Davutoğlu, Gelecek Partisi’nin ‘Güçlendirilmiş Parlamenter Sistem’ modelini açıkladığı toplantıda Berat Albayrak’ın istifasına değindi.
‘Güçlendirilmiş Parlamenter Sistem’ modelini açıklayan Davutoğlu, Albayrak’ın istifası için “Dün gece hem devlet teamüllerimiz, hem demokrasimiz, hem basın özgürlüğümüz hem de ülkemizin eğitim kalitesi açısından ciddi bir hüzün ve hicap duydum” dedi.
Hazine ve Maliye Bakanı Berat Albayrak’ın istifa kararını değerlendiren Davutoğlu, istifa metninin okuduğunda önce gözlerine inanmadığını, bu kadar kötü Türkçe ile yazılmış bir metinden hicap duyduğunu söyledi.
Davutoğlu, istifa eden Bakan Albayrak’ı Erdoğan’ın sözleriyle de eleştirdi, “Türkiye Cumhuriyeti bir aşiret devleti de değildir, kabile devleti değildir. İstifanın muhatabı önce üst makamlardır, sonra kamuoyudur” dedi.

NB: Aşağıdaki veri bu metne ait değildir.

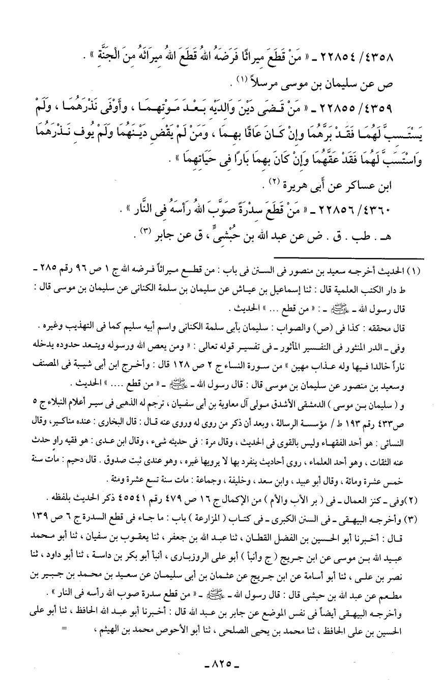 وفي -الدر المنثور في التفسير المأثور- في تفسير قوله تعالى: {وَمَنْ يَعْصِ اللَّهَ وَرَسُولَهُ وَيَتَعَدَّ حُدُودَهُ يُدْخِلْهُ نَارًا خَالِدًا فِيهَا وَلَهُ عَذَابٌ مُهِينٌ} من سورة النساءج 2 ص 128 قال: وأخرج ابن أبي شيبة في المصنف وسعيد بن منصور عن سليمان بن موسى قال: قال رسول الله - صلى الله عليه وسلم - "من قطع. " الحديث.
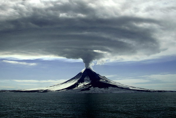 3,500-футовая Кальдера Okmok, которая состоит из круглого кратера приблизительно 1 600 футов глубиной, 6 миль шириной, прорвалась утром 12 июля 2008 (AP Photo Alaska Volcano Observatory)
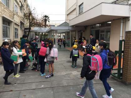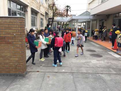あいさつ当番は1・6年生でした。寒さに負けず元気よくあいさつできていました。
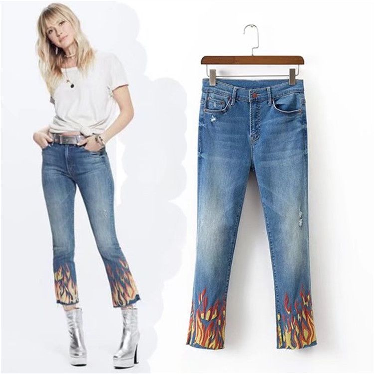 2019 2018 Fashion Casual Ladies Vintage Fashion Flame Printed
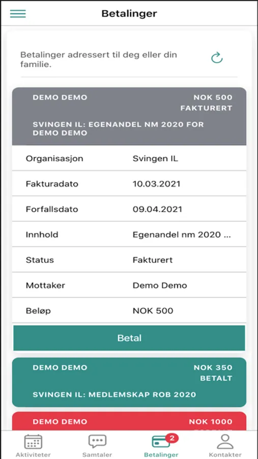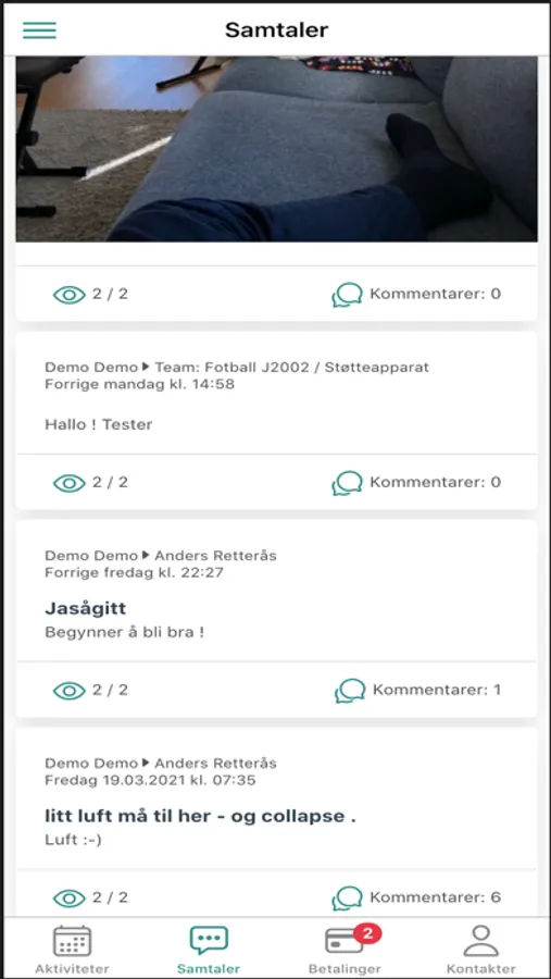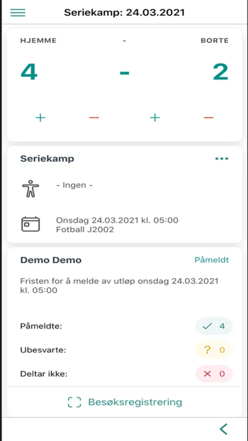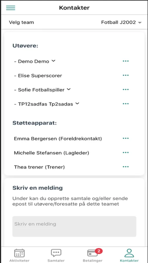 Inne i app'en får du også tilgjenglig kontakt-informasjon til alle registrerte foresatte på teamet slik at du kan ringe de eller sende en melding direkte fra telefonen din.

Davutoğlu, Bakan Albayrak’ın haberini saatlerce vermeyen medyaya da tepki gösterdi, “Basın, basın olduğunu iddia ediyorsa artık hangi baskıyla karşı karşıya kalacaklarından bağımsız olarak görevlerini yapsınlar. Bütün dünya basını bundan bahsederken, basınımız sessizse artık iki elinizi başınızın arasına alın” ifadelerini kullandı.
“Türkiye bir ailenin kaderine bağlanamaz” diyen Davutoğlu, devlet kademelerinde yaygınlaşan nepotizmi bir kez daha sert sözlerle eleştirdi: “Bina devlet binasıysa, o devlet binasını düşünecek olan devlet adamlarının ailelerini o binaya sokmaması lazım. Yoksa devleti düşünemezler.
Davutoğlu “Milletimiz, Ankara’da yaşanan bu aile içi gerilimlerin devlet sistemini nasıl çökerttiğini görüyor, yolsuzlukların, yoksulluğun ne ölçüye vardığını görüyor” dedi.
“Dün gece hem devlet teamüllerimiz, hem demokrasimiz, hem basın özgürlüğümüz hem de ülkemizin eğitim kalitesi açısından ciddi bir hüzün ve hicap duydum.
Metni aldığımda bu gerçek olmaz dedim. Böyle bir istifa olmayacağından değil. Sayın Hazine ve Maliye Bakanı, Sayın Cumhurbaşkanı’na saygısı dolayısıyla bunu yapmayacağından değil. Türkiye Cumhuriyetinde bakanlık makamına gelmiş birisinin böyle kötü bir Türkçe kullanmasına inanamadığım için. Bu Türkçe ile bırakın bakanlık idare etmeyi, herhangi bir küçük kurum bile yönetilemez. Dün yaşananlar Cumhurbaşkanlığı Hükümet Sistemi’nin bütün hastalıklarını bir gecede, bütün semptomlarını belirtilerini ortaya koymuştur.
Bir bakanın muhatabından habersiz olarak istifa etmesi, bu istifayı da mertçe halkın önünde görünerek yapmaması ve sosyal medya üzerinden her türlü dedikoduya açık bir şekilde yapmış olması, devlet geleneğimiz açısından hicap vericidir.
Türkiye Cumhuriyeti kimsenin şahsi mülkü değildir. Hiçbir ailenin de iç ilişkilerine de kaderine bağlayamaz. Onlar bilmiyorsa biz Gelecek Partisi olarak onlara adım adım onlara öğretmeye, halka da göstermeye devam edeceğiz.